HOW TO COMPLETE THIS TASK: Beginning with the line that contains "- Multi-Power Adjustment", restate each line below through the final one exactly, and exclude the pictures.

INPUT DATA:

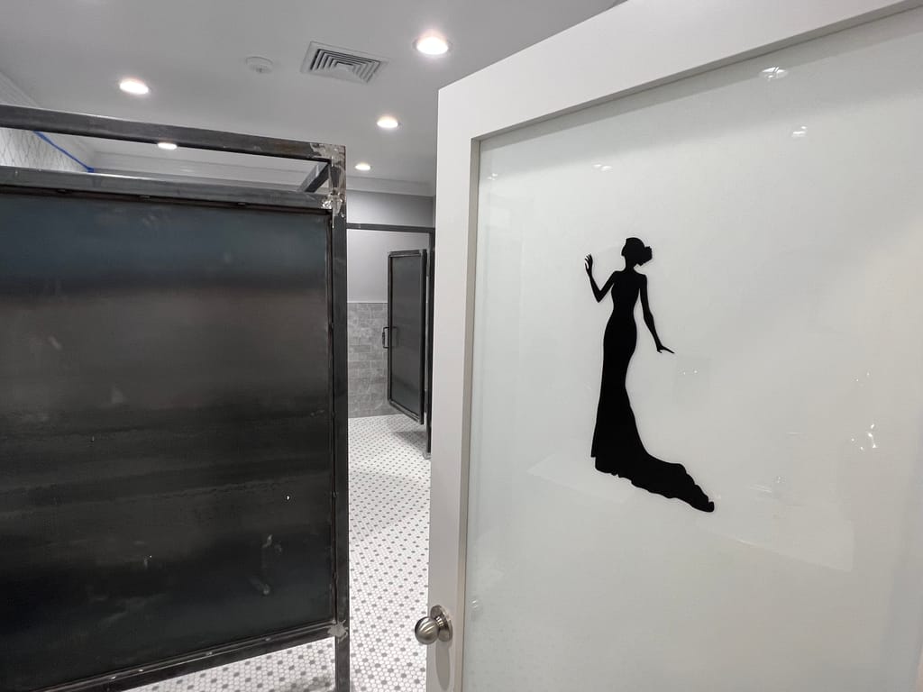It’s lined with mirrors, brass vintage chandeliers, high ceilings and a massive bar. There’s a bridal suite in the back, along with two huge bathrooms. Check back shortly for more photos.
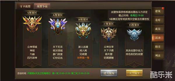 战盟争霸是以战盟为单位展开的多人限时PVP玩法,战力不同的战盟会根据整体战力被划分进不同的战区。夺得S级战区的冠军将获得霸主殿堂的奖励以及展示权利,大量奖励及属性加成在向你招手。在战盟争霸过程中同样能得到极品装备及道具奖励,奖励可以放入战盟拍卖行中供其他战盟成员购买。排名越靠前的战盟获得的奖励也会成倍增加哦。
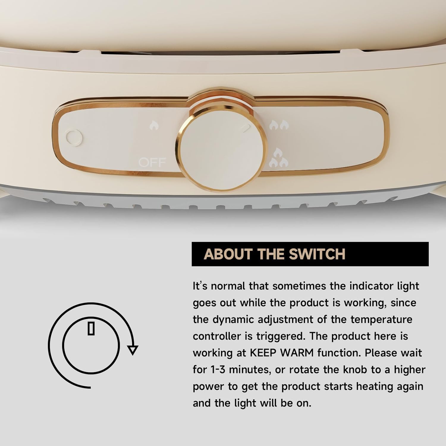 - Multi-Power Adjustment - In addition to its hotpot functionality, the divided electric pot boasts a three-gear adjustment feature that lets you simmer, slow-cook, stir-fry, and steam using different power settings. With an adjustable power control that goes up to 1500W and a double heating tube, this electric cooker heats rapidly, efficiently, and evenly.
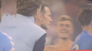 赛后考文垂主帅兰帕德难免失落,一球迷找到他想要合影,兰帕德拦下手机表示了拒绝。

WRITTEN ANSWER:
 - Multi-Power Adjustment - In addition to its hotpot functionality, the divided electric pot boasts a three-gear adjustment feature that lets you simmer, slow-cook, stir-fry, and steam using different power settings. With an adjustable power control that goes up to 1500W and a double heating tube, this electric cooker heats rapidly, efficiently, and evenly.
 赛后考文垂主帅兰帕德难免失落,一球迷找到他想要合影,兰帕德拦下手机表示了拒绝。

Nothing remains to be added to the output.